/---
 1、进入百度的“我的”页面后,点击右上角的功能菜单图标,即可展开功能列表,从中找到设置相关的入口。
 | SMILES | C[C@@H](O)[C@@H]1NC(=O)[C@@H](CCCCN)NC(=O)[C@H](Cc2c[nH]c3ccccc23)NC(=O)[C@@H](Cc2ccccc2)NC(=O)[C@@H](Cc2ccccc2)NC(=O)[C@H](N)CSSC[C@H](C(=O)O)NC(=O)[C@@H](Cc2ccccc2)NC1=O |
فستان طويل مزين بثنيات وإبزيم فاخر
\---
/---
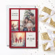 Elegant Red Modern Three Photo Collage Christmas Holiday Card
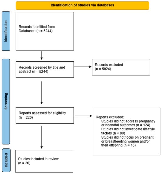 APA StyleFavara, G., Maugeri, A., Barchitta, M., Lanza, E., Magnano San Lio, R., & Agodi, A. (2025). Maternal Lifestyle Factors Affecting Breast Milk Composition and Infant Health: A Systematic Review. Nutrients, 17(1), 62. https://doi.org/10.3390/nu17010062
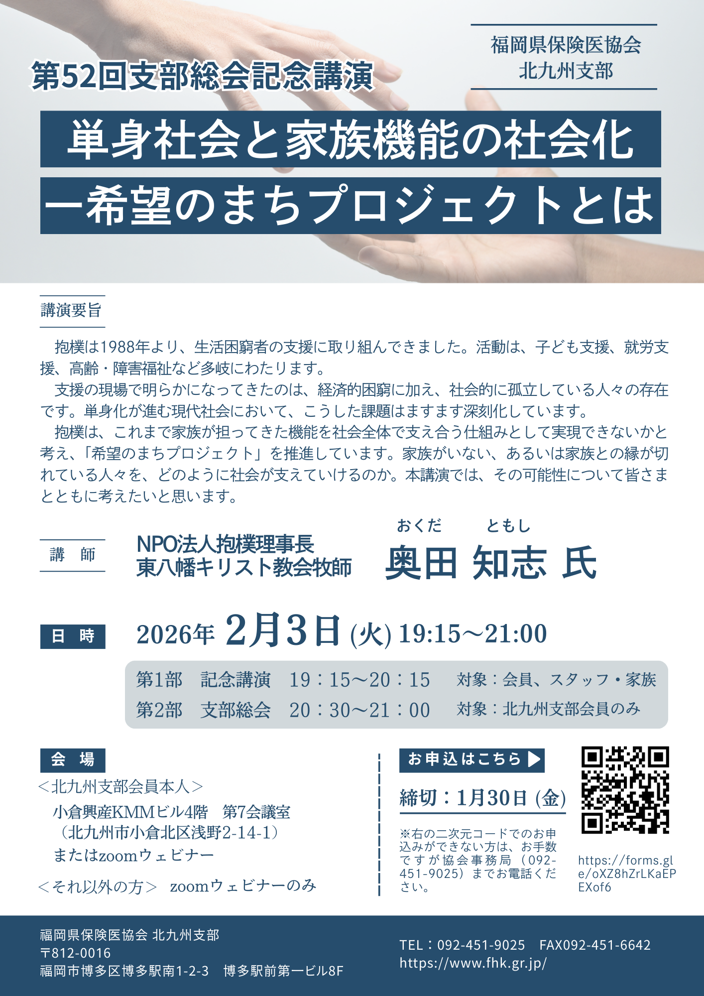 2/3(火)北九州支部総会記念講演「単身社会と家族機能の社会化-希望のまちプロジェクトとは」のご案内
\---
Directions for this task: Would you restate, exactly and with no pictures, the lines of the entries above from the one containing "Elegant Red Modern" through the one containing "2/3(火)北九州支部総会記"?

Task solution:
 Elegant Red Modern Three Photo Collage Christmas Holiday Card
 APA StyleFavara, G., Maugeri, A., Barchitta, M., Lanza, E., Magnano San Lio, R., & Agodi, A. (2025). Maternal Lifestyle Factors Affecting Breast Milk Composition and Infant Health: A Systematic Review. Nutrients, 17(1), 62. https://doi.org/10.3390/nu17010062
 2/3(火)北九州支部総会記念講演「単身社会と家族機能の社会化-希望のまちプロジェクトとは」のご案内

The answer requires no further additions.